KFC posts:
What he called the church was "ecclesia" or called out ones. It was never about a building or a denomination, nor a creed, pope or pillar.
AD POSTS 161
Really? Hmm, I thought the temple was still intact during his life and when Jesus referred to the 'church' he was referring to the Temple?
KFC POSTS 162
The Temple was never referred to as a church. In fact like I said church was never about a building at all.
The word church is only mentioned twice in the gospels but 24 times in Acts and over 60 times in Paul's letters. It is used for both the whole Body of Believers and for local congregations but never for a building as it is used today
Here's the connection between the OT and the New Testament Church Christ established...
In the Old Testament the Jewish Tabernacle was the work of God. According to Exodus, 25-31, Leviticus, Numbers 1, 3-8, 17, and 18, God drew up its plan, gave its dimensions, described its sacred furnishings, vessels for its service, the vestments and ornaments for the Priests who would minister there.

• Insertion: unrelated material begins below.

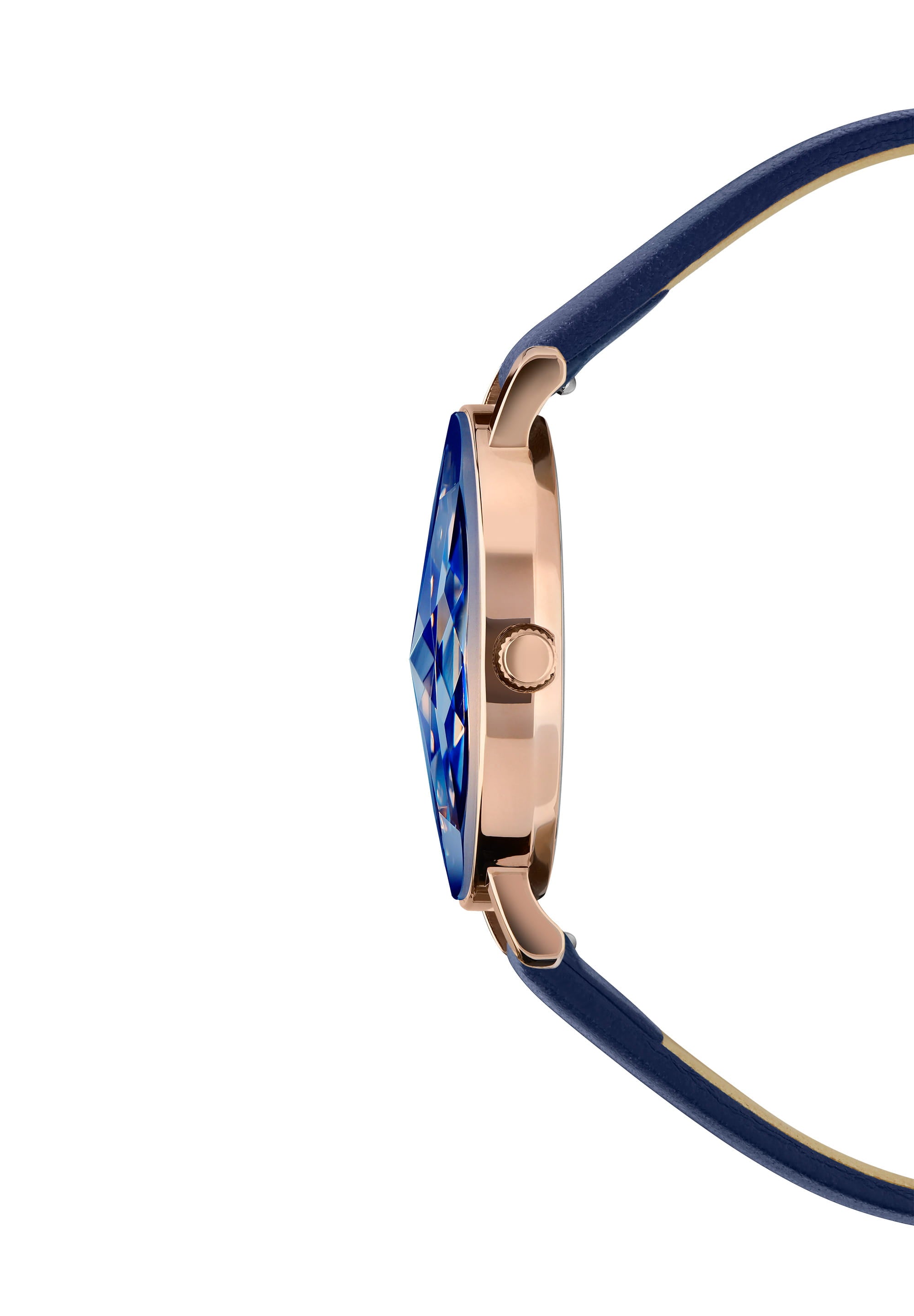 The Facet Swiss Ladies Watch features a 30mm wide diamond-cut faceted crystal that sparkles brilliantly, reminiscent of a colorful jewel. The azure blue sunray dial adds a touch of sophistication, making it an ideal choice for both casual and formal occasions. The watch is designed to impress, ensuring that you stand out in any crowd.

He gave it a suitable constitution, appoionted its rulers and defined the extent of their power.
Since the Tabernacle of the Old Law (which was but a shadow, a figure of the Chruch to come), was the work of God, surely the Chruch of the New Testament, the substance, the reality, would likewise be the work of God.
It's easily shown that it was Christ Himself who established the Church when He declared His intention of founding a Church, by the institution of a living authority when He said to Simon Peter, "Thou art Peter, and upon this rock, I will build My Church, and the gates of Hell shall not prevail against it."
Christ intended to personally build His Chruch and gave it all the elements of a true body and a ruling authority. We know this becasue He added, "I will give to thee the keys of the kingdom of Heaven. Whatsoever thou shalt bind upon earth, it shall be bound also in Heaven, and whatsoever thou shalt loose on earth, shall be loosed in Heaven. St.Matt. 16:19. This authority was ACTUALLY ESTABLISHED when Our Lord after His resurrection said to Peter, "Feed My lambs; Feed My sheep."
During His life on earth, Christ Himself was the visible head of the Infant Chruch, but after His Resurrection, the office of visibly "feeding the flock" was to be discharged by another to whom Christ gave the authority and office. As so as the followers of Moses were to be one compact body, so too were the followers of Christ to be One Body, one Lord, one faith, one baptism.
the First Pentecost and after the descent of the Holy Ghost, the Chruch appeared before the world, a compact, fully organized society, with the Apostles at its head and St.Peter exercising supreme jurisdiction. 3,000 souls received Baptism and were added to the Church.
It wasn't the Apostles who devised the plan for this body, made Baptism the condition of membership, appointed the first head, and invested him with special authority. It was Christ who did all this and by doing so founded the Church which is the Catholic Church.
If the Holy Bible teaches anything plainly, it's that Christ established a visible Chruch and this rules out KFC's novel idea that the Chruch is a collection of all believers. The Chruch is a definite orgainzation founded not upon shifting sand, but on a rock. The Chruch is heirarchal, composed of rulers and subjects. "Take heed to yourselves and to the whole flock, in which the Holy Spirit has placed you bishops to rule the Church of God, which He has purchased with His own Blood." Acts. 20:28.
Its members are admitted by a Baptismal rite; they must hear and obey, "He who hears you hears Me, He who rejects you, rejects Me." Christ compares His Chruch to a "flock", a "sheepfold", a "city seated on a mountain", a "kingdom". He calls it "My Church", not churches.
47 times the Chruch is found in the OT and in each passage it means but one Church, one way of worshipping the Lord before the coming of Christ. That was the Jewish Chruch, the religion and the law of Moses established by God. From no other altars did God receive the sacrifice of prayer. They were all abominations to Him. "He who turneth away his ears to the hearing of the law, his prayer shall be an abomination." Proverbs 28:9. In the NT, the Chruch is mentioned numerous times and we find but one Chruch mentioned....which is the "pillar and ground of truth..".
St.Paul writes, "I write these things to thee hoping to come to thee shortly, but in order that thou mayest know, if I am delayed, how to conduct thyself in the house of God, which is the Chruch of the living God, the pillar and mainstay of the truth." So there we have it from Saint Paul to us.....The Church is the house of God, which is the pillar and mainstay of the truth." (again to KFC's definition of the Chruch as "all believers" how can all believers be the pillar and ground of truth)?
St.John speaks of the Chruch "at Smyrna", "at Ephesus", "at Philadelphia" etc. but these are different dioceses of the Church. They all belonged to the Catholic Church under St.Peter. This is Biblical as well as historical.